Once clipped onto your phone, the Kishi feels very comfortable. It’s more Xbox controller than DualShock 4, though noticeably less premium-feeling than both. The triggers, in particular, are a bit naff and feel quite sponge-y, though we had no trouble when actually using them. One incredibly welcome addition, and the primary difference between the Kishi and the Gamevice, is the introduction of clickable joysticks. It’s a surprisingly satisfying click, and the joysticks feel robust enough to survive long playing sessions or being chucked, and forgotten, in your bag.

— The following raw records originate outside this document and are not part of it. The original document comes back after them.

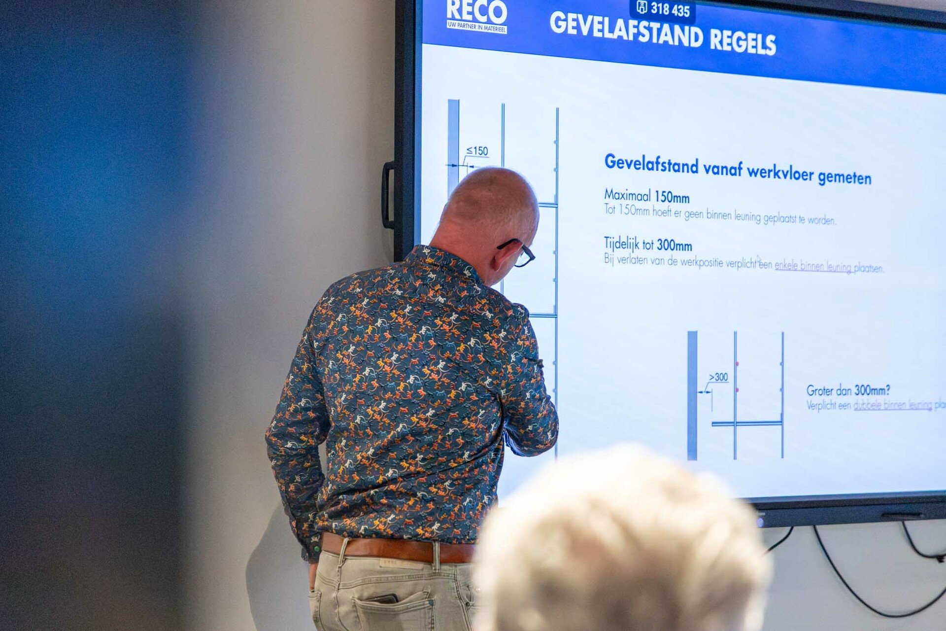 Aansluitend gaf Iwan Knoeff, operationeel manager steiger bij RECO, een toolbox over veilig gebruik van steigers. Zijn sessie werd enthousiast ontvangen vanwege de directe herkenbaarheid op de bouwplaats en de praktische toepasbaarheid van de uitleg.
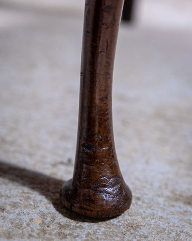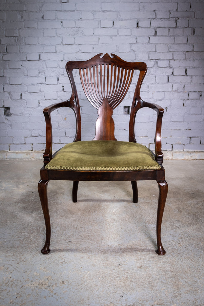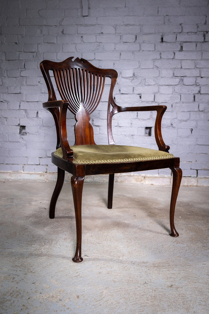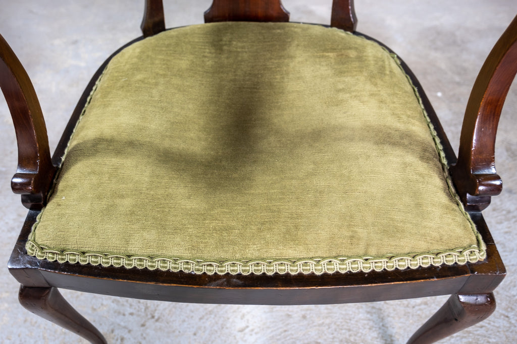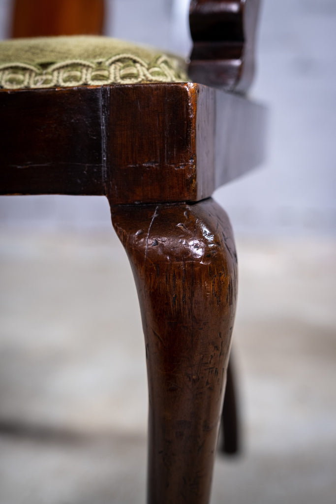 The chair boasts a pierced fan back rest and green upholstered seat above pad foot cabriole fore legs. The chair has some marks commensurate with age (please see photographs) but remains firm and sturdy. The upholstery has age but remains clean. The wood has a wonderful patination throughout, particularly to the legs and fore pad feet.
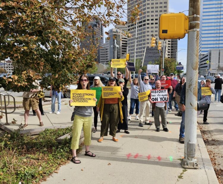The crowd protested outside the Indiana State Library where Vice President JD Vance was meeting with Republican state lawmakers. (Photo/Marilyn Odendahl)
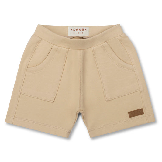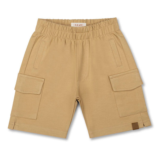 Conjunto Infantil Camiseta Algodão Teddy Remos Off e Bermuda Ponto Roma Bolsos Cargo Bege - Dame

The face buttons and d-pad do suffer from the similar sponge-y feeling as the shoulder buttons, but, again, don’t cause any issues when you actually play with them. L1 and R1 feel surprisingly robust, though, and the home, menu, and triple dot button (whatever that is) share the clickiness of the joysticks, and really are an, errr, joy to behold.
Another big difference between the Kishi and Gamevice is in how snugly it fits your device. We’d argue that the Gamevice was a better fit, though given the modern day phone screens take up the entire device, the Kishi has less space to work with. As a result, there is some flex, though you actually have to make an effort to notice it. We certainly had no issues during general use.
The only real issue we have with the Razer Kishi is its price, as we feel like that’s what will prevent it from being an item that everyone owns. As it currently stands, the Kishi is $99.99/£99.99, which is considerably more than you’d spend on a Dualshock 4 or Xbox One controller, which many of us already own. So it’s either pennies for a controller clamp or the Razer Kishi.
Now, it’s obvious which of the two provides a better experience. The Razer Kishi is absolutely the best and most comfortable mobile gaming controller around. But will that be enough to entice gamers to opt for it over the cheap clamps? We’re not so sure.